The Boston bombings have shown again the critical security issues involved with our immigration policy, and the importance of knowing who is visiting our country and where they are.

This means starting with secure borders and enacting e-verify, and the fact is that our borders are not secure right now. People illegally cross back and forth by the millions. That is a blatant security problem that also is creating enormous financial burdens on Americans and visitors who are here legally, abiding by American laws and paying into the system.

It is both dangerous and it is unfair.

So we have great respect for Sen. Marco Rubio and what he is trying to accomplish with immigration reform. It clearly needs reforming. And he should get tremendous kudos for taking on such a politically dicey issue — one that is dividing his own party. He is showing leadership from the front, unlike the current White House occupant.

However, having said that, the bill remains flawed. Despite Sen.
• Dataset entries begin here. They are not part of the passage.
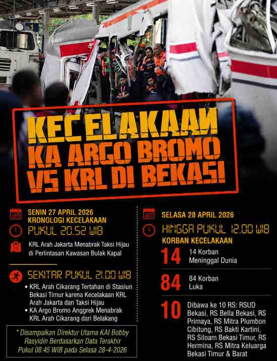 Jumlah korban meninggal dunia dalam tragedi kecelakaan Kereta Rel Listrik (KRL) di wilayah Bekasi Timur terus bertambah. Setelah sebelumnya tercatat 15 korban jiwa, kini angka tersebut meningkat menjadi 16 orang per Rabu (29/4/2026).
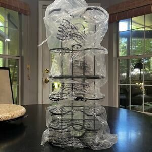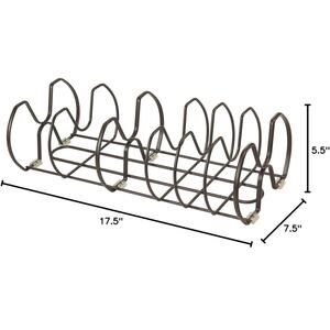 New in packaging Deco Brothers Pan and Lid Organizer Tiered Shelf in Bronze Metal Efficiently Stores Up to 6 Pans, Lids or Cutting Boards and Saves Valuable Cabinet and Countertop Space. This Free-Standing Portable Tiered Organizer Offers Horizontal Storage Options to Best Fit Your Space.
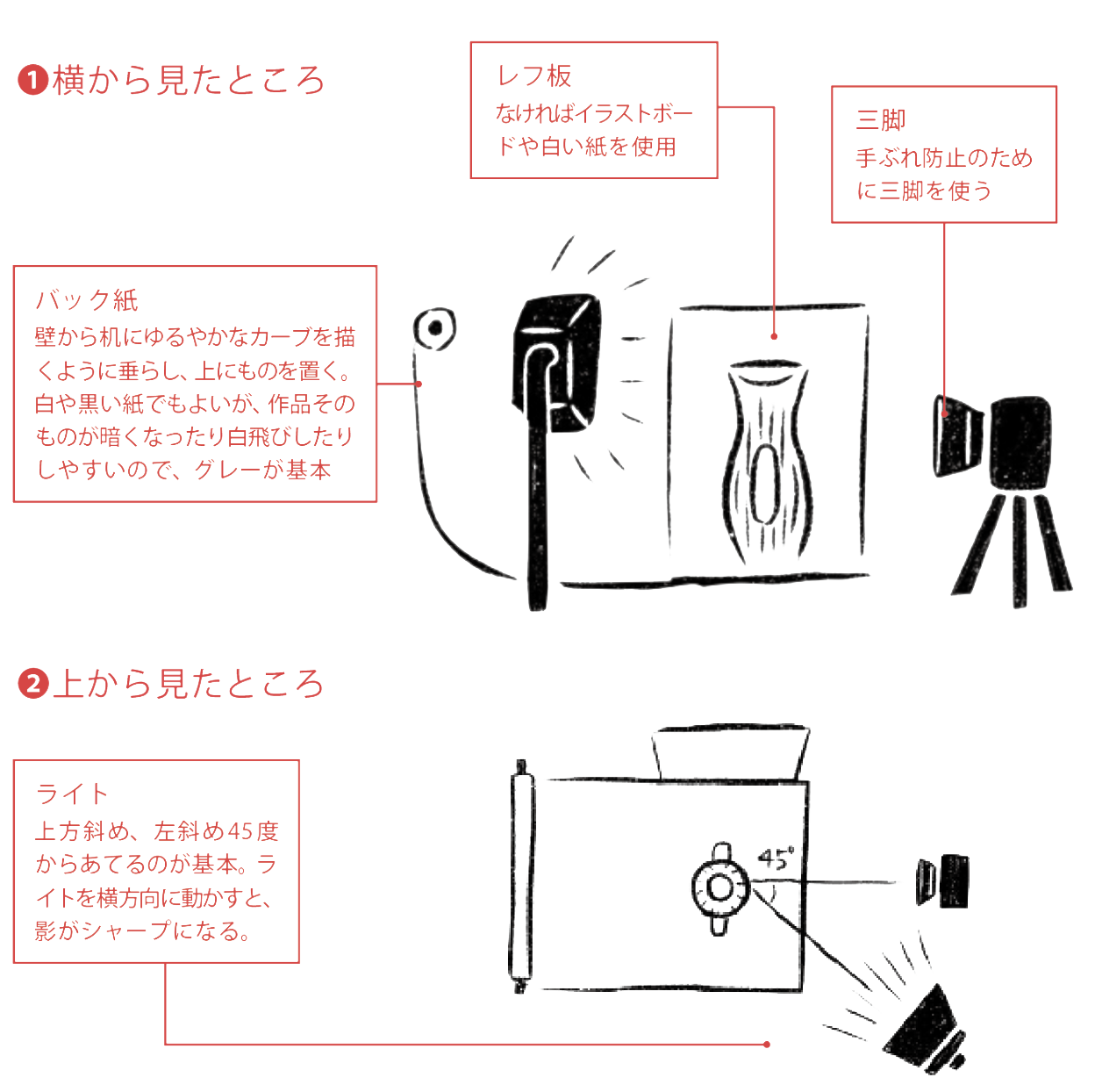 作品撮りの基本は、ライトを上と左からの計2灯をあて、右にレフ板を置いて反射させることで、作品を光でまんべんなく包むようにします。また、直射日光を避け明るい曇天の日に自然光で撮影する選択肢もあります。
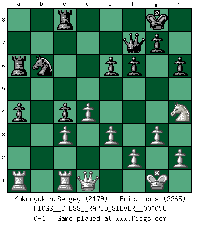 Last move : 0-1 2013 February 22 16:1:49 [Event "FICGS__CHESS__RAPID_SILVER__000098"] [Site "FICGS"] [Date "2012.10.02"] [Round "1"] [White "Kokoryukin,Sergey"] [Black "Fric,Lubos"] [Result "0-1"] [WhiteElo "2179"] [BlackElo "2265"] 1.d4 d5 2.c4 c6 3.Nf3 Nf6 4.Nc3 e6 5.Bg5 h6 6.Bxf6 Qxf6 7.Qc2 dxc4 8.e3 b5 9.a4 Bb7 10.axb5 cxb5 11.Nxb5 Bb4+ 12.Nc3 O-O 13.Be2 Nd7 14.O-O Rfc8 15.Rfc1 a5 16.Na4 Rc7 17.Nc3 R7c8 18.Nd2 Nb6 19.Bf3 Bxf3 20.Nxf3 Qe7 21.Qd1 Nd5 22.g3 Qb7 23.Qe2 Nb6 24.Qd1 Ra6 25.Ne5 f6 26.Ng6 Qf7 27.Nh4 Bxc3 28.bxc3 a4 0-1 This chess game has been lost on time (started : 2012.10.02 17:30:16) QGD Slav : 4.Nc3 Kingside Castling by player Black (move 12) Kingside Castling by player White (move 14) Player Black won this chess game. Follow this game move after move (download)Don't even mention losing to me. I can't stand to think of it. (Bobby Fischer) Wenn ich mich einlogge, glauben die Leute gewöhnlich nicht, dass ich es selbst bin und sie fangen an, mir dumme Fragen zu stellen. Und wenn sie es glauben, stellen sie wieder andere dumme Fragen. (Judith Polgar) Si el ingenio solamente fuese necesario para lucirse, las mujeres serían las mejores jugadoras de Ajedrez del mundo. (Albin) Seul un grand joueur sait à quel point il joue faiblement. (Xavier Tartacover) Man is reluctant to give credit for intelligence to anyone, except his enemies. (Albert Einstein)
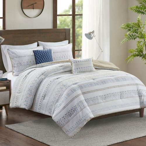 Enjoy the refreshing style of the Fraser Bedding from Madison Park. The 5-piece Bed Set includes a comforter, 2 shams, and 2 decorative pillows. The white comforter features printed soft blue and taupe diamond, linear, chevron, stripe, and geometric bands on a textured polyester microfiber seersucker ground. Backing is almond with diamonds. Click on the Details tab to read about the other items in the bed set. Fill is polyester. Machine washable; spot clean the pillows. Imported.

Rubio’s defenses of the triggers, when boiled down it appears to be amnesty-first. The most realistic future based on the duplicity of the last time we went through immigration “reform” in the 1980s is that Democrats will find a way to avoid the border security.

Rich Lowry, editor of National Review, writes that the bill calls for “an enforcement plan on paper and a commission to be named later.” A giant loophole.
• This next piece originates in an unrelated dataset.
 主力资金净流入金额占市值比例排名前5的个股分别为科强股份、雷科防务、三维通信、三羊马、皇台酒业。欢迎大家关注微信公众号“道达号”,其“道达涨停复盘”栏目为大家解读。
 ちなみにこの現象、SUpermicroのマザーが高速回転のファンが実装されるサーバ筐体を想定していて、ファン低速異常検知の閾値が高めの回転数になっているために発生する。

“Under the bill, no additional enforcement has to take place before undocumented immigrants get legalized. The secretary of the Department of Homeland Security merely has to come up with a strategy for enforcement and notify Congress that it has commenced. It doesn’t matter if it is a good, bad, or indifferent plan, so long as it is a plan. Then, an estimated 11 million undocumented immigrants get legal status.”

Now that legal status is not citizenship. And according to the bill right now, such citizenship would still require going through hoops. It’s not the blanket from the 1980s. But unfortunately, it does not take a prophet to predict how the Democrats will act. Sequestration has proven they are more interesting in winning than governing in the best interests of the American people.

Once the people here illegally are made to be here legally with the wave of a pen, Democrats will immediately begin to push to make them citizens. The Gang of Eight proposal is only legislation. It can be changed, modified or overturned.

So Democrats will pull at emotions to argue that we’ve got to allow these legal residents to have all the benefits available if they are paying into the system. And then they will argue that this country was built on a revolt against taxation without representation and that this will leave the people here legally in the position of paying taxes but not being able to vote — which will resonate with a lot of people. Therefore they must become citizens.

And we still won’t have border security.

Again.

There is only one chance with leverage on Democrats primarily seeking millions more Democrat voters. Any immigration reform must be based in factual reality, not the pieties of political correctness, and not in crass future political gains regardless of the consequences to the nation.

If it cannot be done with the security of the American people in mind first — and that means fully guarded borders — then it should not be done at all. As bad as the current situation is, it is better than any solution that involves giving legal status to the current crop of people here illegally before the borders are actually, physically secured.

Thanks for being informed and engaged.